* **Given information**
───

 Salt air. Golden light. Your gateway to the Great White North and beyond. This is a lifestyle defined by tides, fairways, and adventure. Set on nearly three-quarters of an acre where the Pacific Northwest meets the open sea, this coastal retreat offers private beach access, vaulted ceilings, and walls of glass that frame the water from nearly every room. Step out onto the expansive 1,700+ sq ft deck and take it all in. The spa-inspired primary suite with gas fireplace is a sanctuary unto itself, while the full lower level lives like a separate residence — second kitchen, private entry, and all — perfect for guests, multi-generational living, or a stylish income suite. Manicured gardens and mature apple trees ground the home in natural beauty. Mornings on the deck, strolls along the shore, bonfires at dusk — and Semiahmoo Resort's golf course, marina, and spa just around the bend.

───

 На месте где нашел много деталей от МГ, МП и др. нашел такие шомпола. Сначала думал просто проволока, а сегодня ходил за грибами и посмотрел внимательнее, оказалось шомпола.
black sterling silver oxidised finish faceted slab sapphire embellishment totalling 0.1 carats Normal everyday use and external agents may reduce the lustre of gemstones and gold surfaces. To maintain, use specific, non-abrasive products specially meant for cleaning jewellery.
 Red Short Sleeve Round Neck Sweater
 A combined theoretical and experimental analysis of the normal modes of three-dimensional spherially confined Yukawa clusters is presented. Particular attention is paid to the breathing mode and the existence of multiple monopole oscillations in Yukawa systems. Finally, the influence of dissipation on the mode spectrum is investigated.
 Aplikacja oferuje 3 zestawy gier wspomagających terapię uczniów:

───

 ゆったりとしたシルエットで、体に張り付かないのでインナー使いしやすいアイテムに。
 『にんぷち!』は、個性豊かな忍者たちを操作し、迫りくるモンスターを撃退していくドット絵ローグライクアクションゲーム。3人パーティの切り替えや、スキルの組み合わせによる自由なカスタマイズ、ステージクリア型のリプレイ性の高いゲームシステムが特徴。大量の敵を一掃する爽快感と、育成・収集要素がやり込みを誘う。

───

* **Directions**
An exact copy of the lines above between the line holding "black sterling silver" and the line holding "Aplikacja oferuje 3", inclusive, is the whole answer.

* **Solution below**
black sterling silver oxidised finish faceted slab sapphire embellishment totalling 0.1 carats Normal everyday use and external agents may reduce the lustre of gemstones and gold surfaces. To maintain, use specific, non-abrasive products specially meant for cleaning jewellery.
 Red Short Sleeve Round Neck Sweater
 A combined theoretical and experimental analysis of the normal modes of three-dimensional spherially confined Yukawa clusters is presented. Particular attention is paid to the breathing mode and the existence of multiple monopole oscillations in Yukawa systems. Finally, the influence of dissipation on the mode spectrum is investigated.
 Aplikacja oferuje 3 zestawy gier wspomagających terapię uczniów:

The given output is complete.